Why I Wrote “English is a Simple Language”

 

I have been extremely fortunate in my career as an EFL teacher. My first Director of Studies put up with my generally lacklustre approach to professional development, but his successor, a woman called Kasia Jakielaszek, insisted that I do something other than just teach the same lessons year in, year out.

She led me and my colleagues through the International House “Language Awareness Course,” written by Alex Tilbury and influenced by the work of Michael Lewis, among others. The course cemented in our minds some of the fundamentals of English grammar, so that we could be more conversant in terms like operator and auxiliary; but it also challenged long-held assumptions, such as that English has an exclusive future form (it doesn’t).

The LAC proved transformative, and awoke within me a desire to pursue more and more professional development. I completed several more International House courses in the years that followed, and also undertook a Master’s degree in Applied Linguistics and TESOL.

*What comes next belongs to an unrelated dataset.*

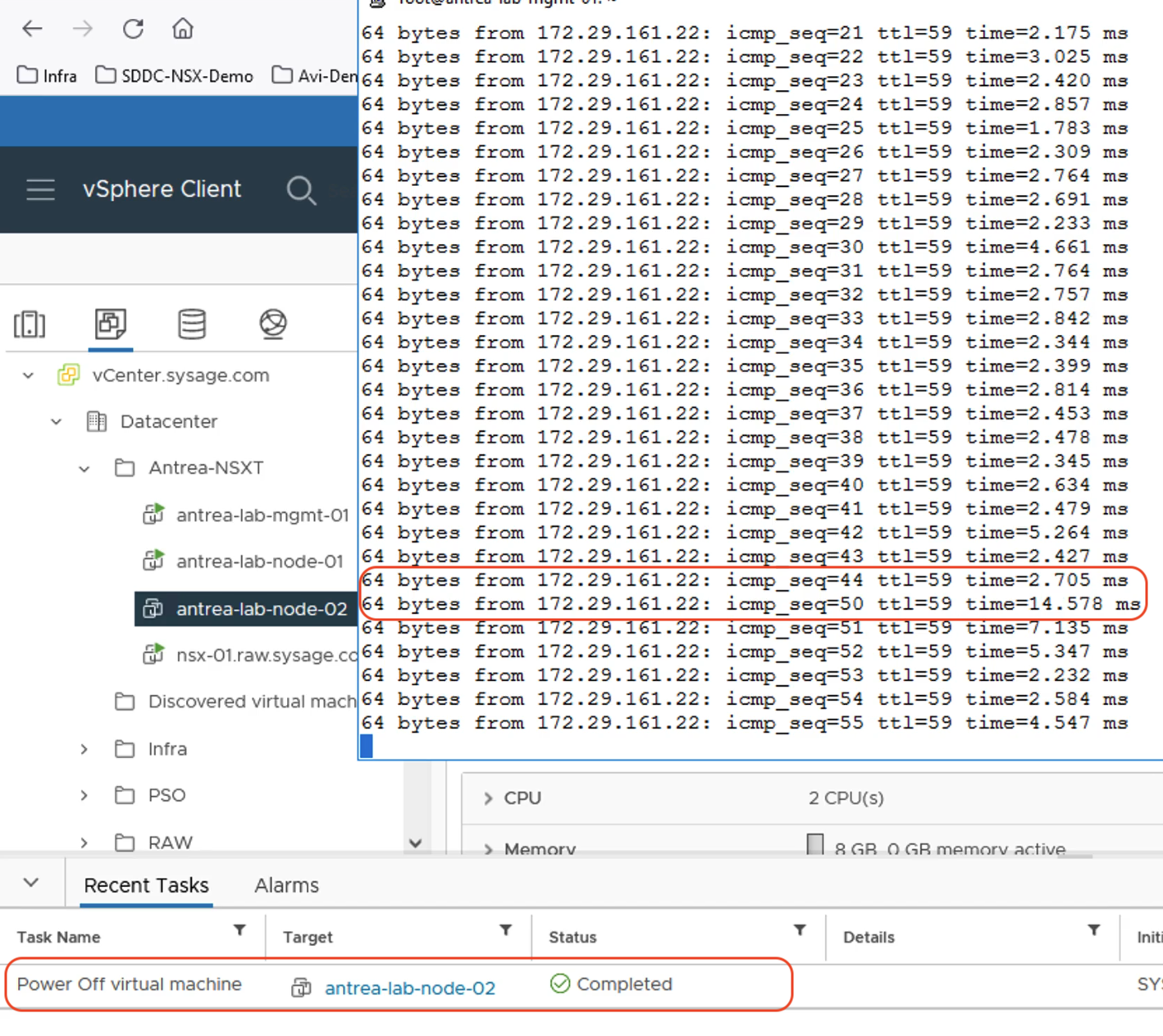 圖8是一個簡單的測試,從圖7的10.203.1.4這個Pod持續地ping外部的172.29.161.22,然後手動直接把Node 2的虛機用Power-off的方式強制關掉。圖8內可以看到,中間掉了6個ping,但就自動恢復了。不是非常完美的無感移轉,但是也算是秒級恢復了。

Despite being a postgraduate-level course, my MA did not make demands on me in the way that Tilbury’s course did, and I missed Jakielaszek’s guidance. But more than anything else, I found that I disagreed with much of the grammar treatment that we were given to work through, and my paper that semester on the present perfect gave me one of my lowest grades. Even worse – that low grade meant that I missed out on a Distinction for the degree, having instead to settle for a hard-won Merit.

The problem, as I saw it, was that none of the course writers for the MA had been exposed to the same literature as I had. The long grammar write-up that I dragged myself through talked about the present perfect in a way that I had become familiar with in a number of coursebooks, but that I now rejected – that the present perfect illustrated an example of a completed past action with present relevance.

But that’s not really how present perfect works. The fact that this is still widely taught as the true nature of the present perfect is one reason that students whose first language does not have a perfect form struggle to understand and use the English form. If it is true that the present perfect represents a completed past action with present relevance, what if the action was not completed? What if there is no present relevance?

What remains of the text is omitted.